YOUR TASK ::
The answer must be only the lines below from the one holding "经过初赛,共有五个班级冲破激" down to the one holding "日本のトレンディでクールなレ", ends included, printed exactly; please omit all pictures.

THE RECORDS ::
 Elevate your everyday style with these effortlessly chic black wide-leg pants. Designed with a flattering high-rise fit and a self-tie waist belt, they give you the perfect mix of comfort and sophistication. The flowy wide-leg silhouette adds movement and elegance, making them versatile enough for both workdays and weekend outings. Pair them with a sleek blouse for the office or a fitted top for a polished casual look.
==
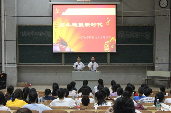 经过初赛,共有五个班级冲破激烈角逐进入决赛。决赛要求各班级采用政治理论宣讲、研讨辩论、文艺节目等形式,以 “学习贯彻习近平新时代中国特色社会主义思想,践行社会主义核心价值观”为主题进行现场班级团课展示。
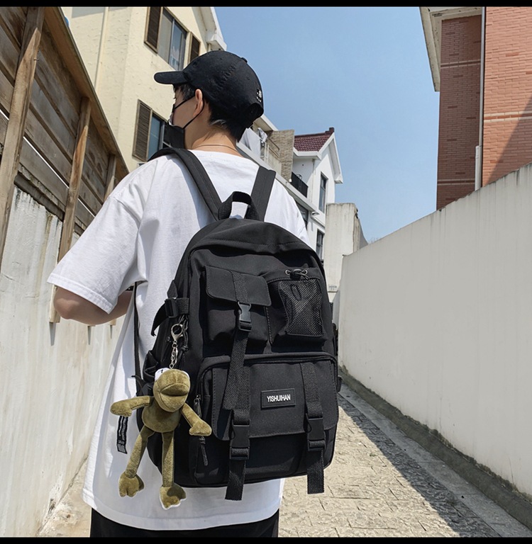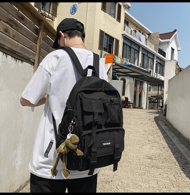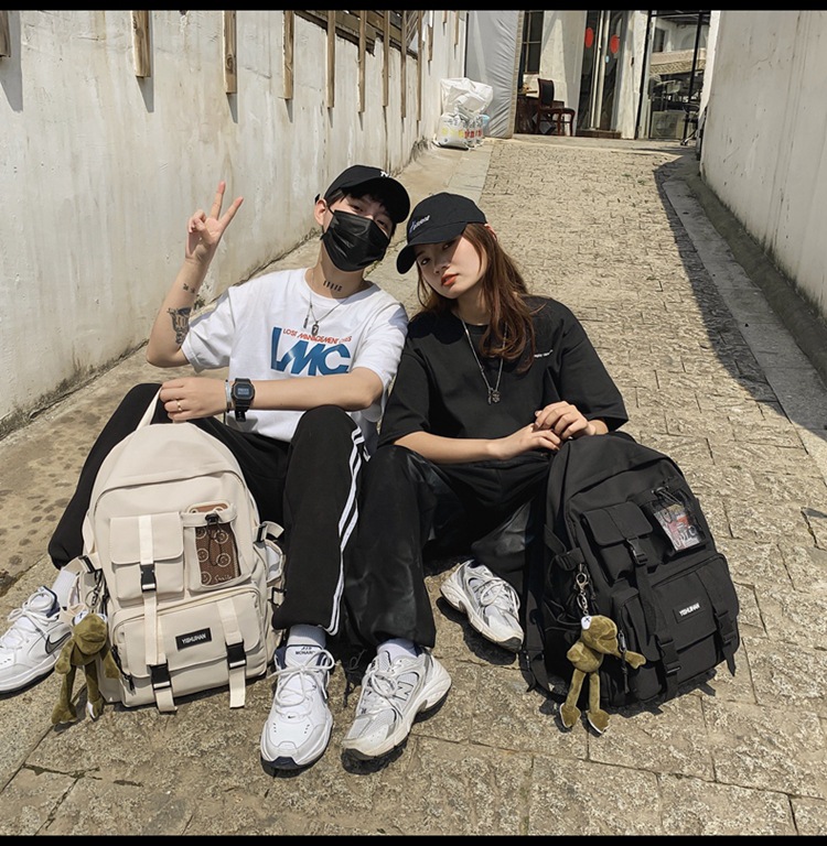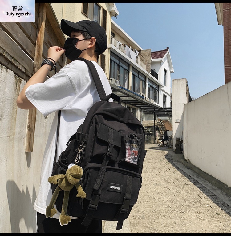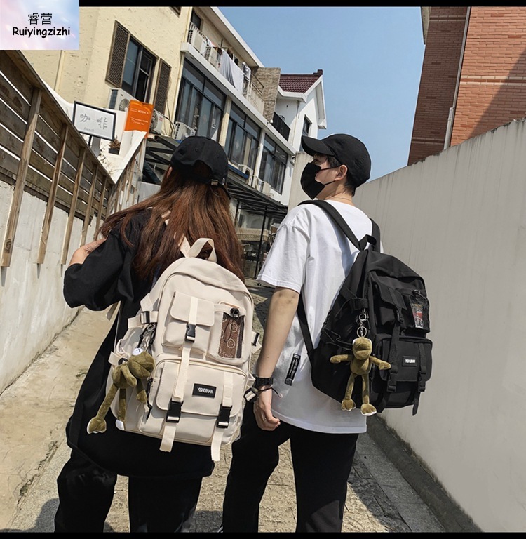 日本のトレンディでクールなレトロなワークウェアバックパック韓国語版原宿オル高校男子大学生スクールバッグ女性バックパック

THE COMPLETED TASK ::
 经过初赛,共有五个班级冲破激烈角逐进入决赛。决赛要求各班级采用政治理论宣讲、研讨辩论、文艺节目等形式,以 “学习贯彻习近平新时代中国特色社会主义思想,践行社会主义核心价值观”为主题进行现场班级团课展示。
 日本のトレンディでクールなレトロなワークウェアバックパック韓国語版原宿オル高校男子大学生スクールバッグ女性バックパック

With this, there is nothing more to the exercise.